**Provided material:**

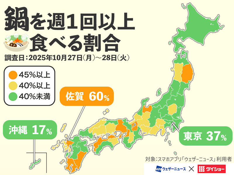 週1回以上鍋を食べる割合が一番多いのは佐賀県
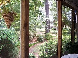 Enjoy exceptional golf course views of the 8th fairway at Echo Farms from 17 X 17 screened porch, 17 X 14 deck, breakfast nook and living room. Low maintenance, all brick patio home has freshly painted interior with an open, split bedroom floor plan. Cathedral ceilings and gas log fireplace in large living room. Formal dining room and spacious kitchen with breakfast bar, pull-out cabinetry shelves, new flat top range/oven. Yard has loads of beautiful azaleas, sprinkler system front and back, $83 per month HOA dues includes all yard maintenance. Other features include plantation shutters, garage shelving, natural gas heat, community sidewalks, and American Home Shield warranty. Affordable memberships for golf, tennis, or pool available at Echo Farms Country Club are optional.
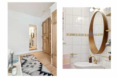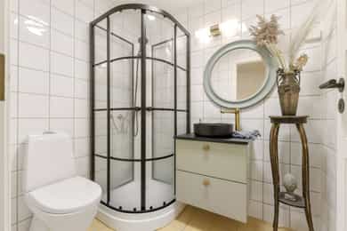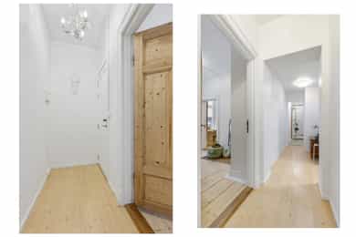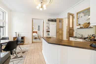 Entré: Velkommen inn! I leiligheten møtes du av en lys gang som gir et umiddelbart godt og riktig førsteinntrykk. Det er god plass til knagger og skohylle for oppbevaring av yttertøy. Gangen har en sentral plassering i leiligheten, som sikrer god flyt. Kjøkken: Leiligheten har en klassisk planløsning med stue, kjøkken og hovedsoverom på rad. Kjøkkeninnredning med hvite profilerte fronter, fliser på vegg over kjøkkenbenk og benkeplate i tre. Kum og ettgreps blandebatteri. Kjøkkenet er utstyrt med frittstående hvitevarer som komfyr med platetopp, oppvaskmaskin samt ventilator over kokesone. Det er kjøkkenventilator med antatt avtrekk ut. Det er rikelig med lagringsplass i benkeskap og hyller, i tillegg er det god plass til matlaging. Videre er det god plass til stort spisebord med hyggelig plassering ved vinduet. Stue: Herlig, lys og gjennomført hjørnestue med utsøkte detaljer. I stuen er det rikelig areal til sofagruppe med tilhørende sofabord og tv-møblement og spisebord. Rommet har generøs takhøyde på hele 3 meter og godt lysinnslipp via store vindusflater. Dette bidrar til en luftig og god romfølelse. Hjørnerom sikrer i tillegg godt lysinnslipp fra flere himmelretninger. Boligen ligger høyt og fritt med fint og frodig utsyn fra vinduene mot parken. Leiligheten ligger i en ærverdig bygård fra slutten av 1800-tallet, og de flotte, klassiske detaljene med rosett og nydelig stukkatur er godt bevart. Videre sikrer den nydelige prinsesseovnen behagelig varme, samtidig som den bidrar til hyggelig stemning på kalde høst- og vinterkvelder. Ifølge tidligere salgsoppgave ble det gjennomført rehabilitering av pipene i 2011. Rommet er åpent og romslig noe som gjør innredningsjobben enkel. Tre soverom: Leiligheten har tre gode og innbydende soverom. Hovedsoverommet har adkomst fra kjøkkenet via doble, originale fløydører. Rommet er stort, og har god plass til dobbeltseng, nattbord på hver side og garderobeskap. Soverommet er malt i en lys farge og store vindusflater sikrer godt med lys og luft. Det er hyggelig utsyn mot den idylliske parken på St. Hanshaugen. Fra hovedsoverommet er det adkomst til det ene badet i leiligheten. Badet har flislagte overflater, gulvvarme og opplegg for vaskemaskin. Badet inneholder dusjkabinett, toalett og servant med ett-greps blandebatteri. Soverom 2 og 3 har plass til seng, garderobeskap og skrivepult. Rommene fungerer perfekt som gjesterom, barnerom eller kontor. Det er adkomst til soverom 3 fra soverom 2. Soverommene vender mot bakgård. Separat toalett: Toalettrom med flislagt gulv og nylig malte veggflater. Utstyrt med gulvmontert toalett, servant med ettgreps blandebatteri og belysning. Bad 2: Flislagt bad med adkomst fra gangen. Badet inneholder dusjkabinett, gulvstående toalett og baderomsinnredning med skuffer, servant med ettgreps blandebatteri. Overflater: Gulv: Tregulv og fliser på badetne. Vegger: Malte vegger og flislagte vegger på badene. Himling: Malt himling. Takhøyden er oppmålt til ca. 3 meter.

**Exercise details:** The required answer is an exact, picture-free copy of the lines from the opening of the listing above through the line with "Enjoy exceptional golf".

**Exercise answer:**
 週1回以上鍋を食べる割合が一番多いのは佐賀県
 Enjoy exceptional golf course views of the 8th fairway at Echo Farms from 17 X 17 screened porch, 17 X 14 deck, breakfast nook and living room. Low maintenance, all brick patio home has freshly painted interior with an open, split bedroom floor plan. Cathedral ceilings and gas log fireplace in large living room. Formal dining room and spacious kitchen with breakfast bar, pull-out cabinetry shelves, new flat top range/oven. Yard has loads of beautiful azaleas, sprinkler system front and back, $83 per month HOA dues includes all yard maintenance. Other features include plantation shutters, garage shelving, natural gas heat, community sidewalks, and American Home Shield warranty. Affordable memberships for golf, tennis, or pool available at Echo Farms Country Club are optional.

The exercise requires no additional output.